* _Recorded information_
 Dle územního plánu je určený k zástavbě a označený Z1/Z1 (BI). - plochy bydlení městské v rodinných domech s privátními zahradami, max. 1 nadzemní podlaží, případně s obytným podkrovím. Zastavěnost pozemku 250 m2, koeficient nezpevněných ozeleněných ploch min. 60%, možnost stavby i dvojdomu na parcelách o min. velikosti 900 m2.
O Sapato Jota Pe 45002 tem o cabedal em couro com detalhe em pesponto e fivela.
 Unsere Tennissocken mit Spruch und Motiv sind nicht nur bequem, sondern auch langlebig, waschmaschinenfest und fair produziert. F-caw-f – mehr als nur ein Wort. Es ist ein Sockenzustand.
...
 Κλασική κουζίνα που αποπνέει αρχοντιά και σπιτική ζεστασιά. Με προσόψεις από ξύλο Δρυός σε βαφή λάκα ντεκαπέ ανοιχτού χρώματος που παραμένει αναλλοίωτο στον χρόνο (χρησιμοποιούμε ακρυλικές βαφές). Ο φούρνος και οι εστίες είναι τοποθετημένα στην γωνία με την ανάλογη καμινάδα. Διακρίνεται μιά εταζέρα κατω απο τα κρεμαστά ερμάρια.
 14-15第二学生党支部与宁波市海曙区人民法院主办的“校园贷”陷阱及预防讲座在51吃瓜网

* _Required action_
Will you return exactly the lines above from the one with "Κλασική κουζίνα που" down to the one with "14-15第二学生党支部与宁", counting both as part of the range?

* _Answer below_
 Κλασική κουζίνα που αποπνέει αρχοντιά και σπιτική ζεστασιά. Με προσόψεις από ξύλο Δρυός σε βαφή λάκα ντεκαπέ ανοιχτού χρώματος που παραμένει αναλλοίωτο στον χρόνο (χρησιμοποιούμε ακρυλικές βαφές). Ο φούρνος και οι εστίες είναι τοποθετημένα στην γωνία με την ανάλογη καμινάδα. Διακρίνεται μιά εταζέρα κατω απο τα κρεμαστά ερμάρια.
 14-15第二学生党支部与宁波市海曙区人民法院主办的“校园贷”陷阱及预防讲座在51吃瓜网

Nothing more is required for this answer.